Tuesday, October 10, 2006

A new event series at OSU that begins Thursday, Oct. 12, will explore the inextricable link between the history of race relations and the history of reproductive politics.

Demetria Shabazz, OSU assistant professor of English, will screen and lead a discussion on the film “Just Another Girl on the IRT” from 5-7 p.m. in 303 Morrill Hall. The free event is the first of three slated this fall as part of “Race and Reproduction,” a series presented by the OSU Women’s Studies Program and OSU Women’s Programs.

Written and directed by Leslie Harris, “Just Another Girl” tells the story of a hopeful high school girl in Brooklyn whose medical school aspirations and dreams of escape from the generational poverty of the black community are confronted by pregnancy.

Shabazz, a film scholar specializing in media and cultural criticism, joined the faculty in the OSU English department in 2005. She is currently completing a second publication on the impact of primetime television on the civil rights movement in 1968.

The Race and Reproduction series is the first collaboration between the Women’s Studies Program and Women’s Programs.
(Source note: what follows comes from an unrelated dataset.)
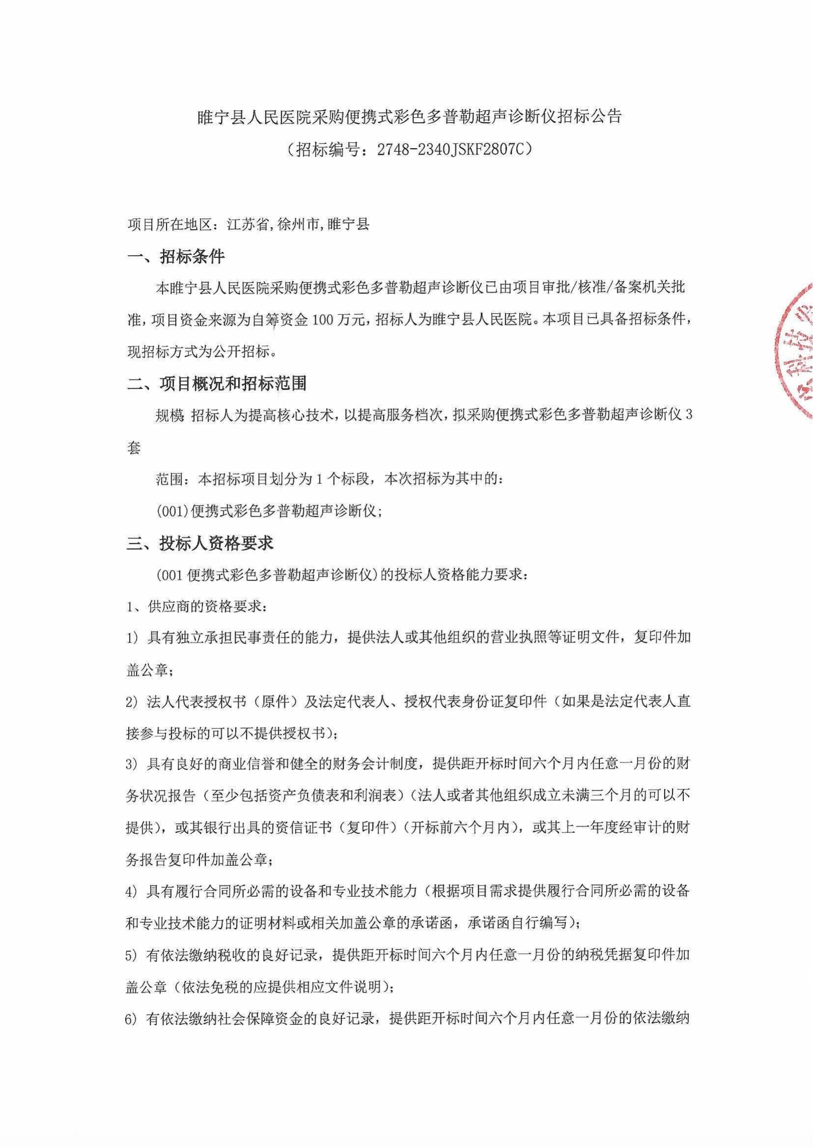 睢宁县人民医院采购便携式彩色多普勒超声诊断仪招标公告
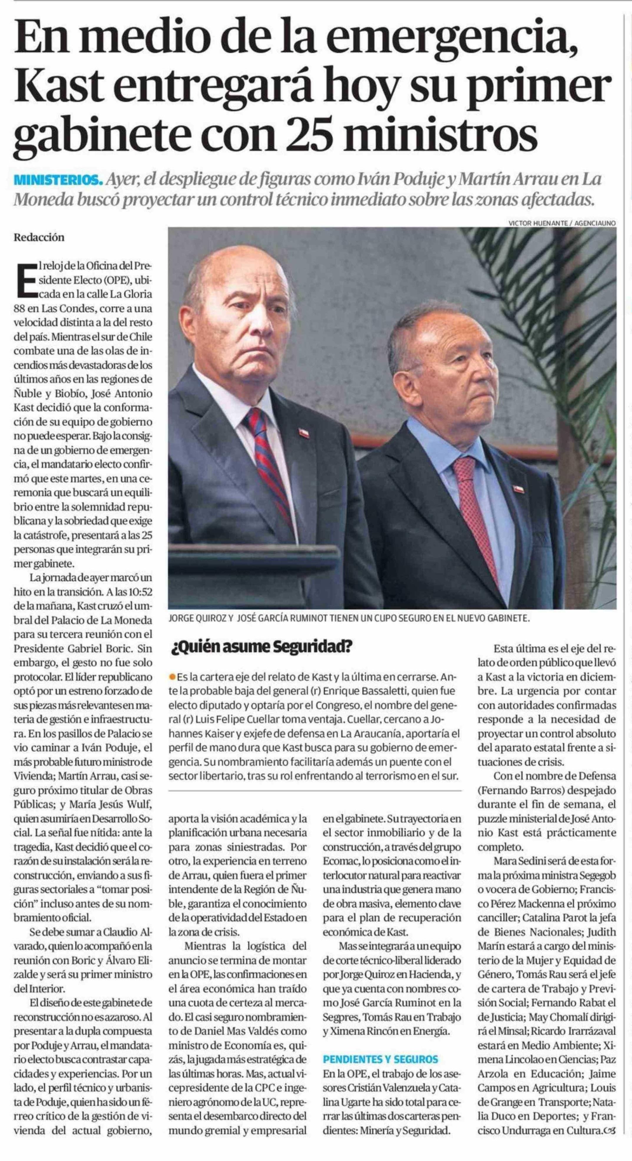 Título: En medio de la emergencia, Kast entregará hoy su primer gabinete con 25 ministros

Housed within the affirmative action unit of the OSU Office of Institutional Diversity, Women’s Programs was established in 2006 to provide programs that focus on gender issues relating to the scholarly and professional success of all women at OSU.

The Women’s Studies Program exists to coordinate and promote teaching and research about women and gender issues across disciplines. A minor in Women’s Studies is offered through the College of Arts and Sciences.

Both Women’s Studies and Women’s Programs seek to contribute to OSU’s recruitment and retention of women faculty, staff and students by addressing issues relevant to them. Upcoming events in the Race and Reproduction series will feature author/activist Loretta Ross and award-winning documentary filmmaker Shosh Shlam.

The series is co-sponsored by Planned Parenthood of Central Oklahoma, OSU’s Screen Studies Program, American Studies Program, and the Sociology Department.